The Concert Hall Upholding Pierre Boulez’s Legacy

The late conductor and composer’s friend Frank Gehry was entrusted with the design.

On a quiet stretch of Französische Straße in central Berlin, so-named in a time when French Protestant refugees comprised a full fifth of the city’s population, a Frenchman of note has taken up a sort of conspicuous residence—this time, in the form of a concert hall bearing his name.

Its story began a few years ago, when Frank Gehry took a trip to the German resort town of Baden-Baden to meet with his longtime friend Pierre Boulez, the famed conductor and composer. There, he presented a model of the building that would, in many ways, symbolize his legacy, but whose completion he would not live to see (he died in early 2016). “After we gave it to him, he sat in front of the model and just stared into it for hours,” Gehry said in a recent video interview, produced for the hall. On March 4, the Pierre Boulez Saal held its inaugural concert in honor of the late classical music icon, opening with his 1987 composition “Initiale.”

Though modest in size at 682 seats, the Pierre Boulez Saal is among the most ambitious spaces of its kind in both concept and mission. A collaboration between Gehry Partners and renowned Japanese acoustician Yasuhisa Toyota, the hall places the performers in the center of a two-tiered, wraparound seating scheme that can be modified as per the specific needs of a given performance.
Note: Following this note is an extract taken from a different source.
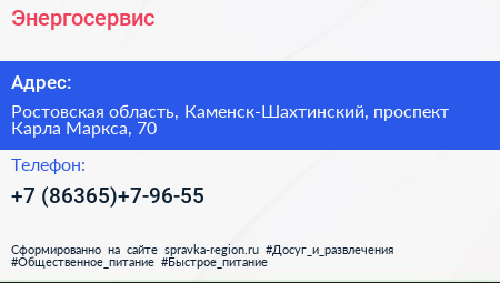 Энергосервис по адресу Ростовская область, Каменск-Шахтинский, проспект Карла Маркса, 70 в дальнейшем Организация, размещена в следующих категориях:

This flexibility of form is meant to accommodate a range of genres, from chamber music to jazz-fusion to midsize orchestras.

That push for diversity isn’t just a gesture; two of the principle institutions behind the new concert hall are the Said-Barenboim Akademie, a school for young musicians from across the Middle East, and its spiritual progenitor, the West-East Divan Orchestra, founded in 1999 by academic Edward Said and conductor Daniel Barenboim to unite young Arab and Israeli musicians. Such humanistic underpinnings are what inspired both Gehry and Toyota to donate the time and effort they put into the endeavor over the five years it took to complete. For Gehry, Said and Barenboim’s project of reconciliation through music became a symbol of “something I believe in very deeply, and that is that people of different languages, different cultures, different politics, can ultimately speak to each other through the arts.” With the opening of the Pierre Boulez Saal, it seems they now have an excellent venue to start that conversation.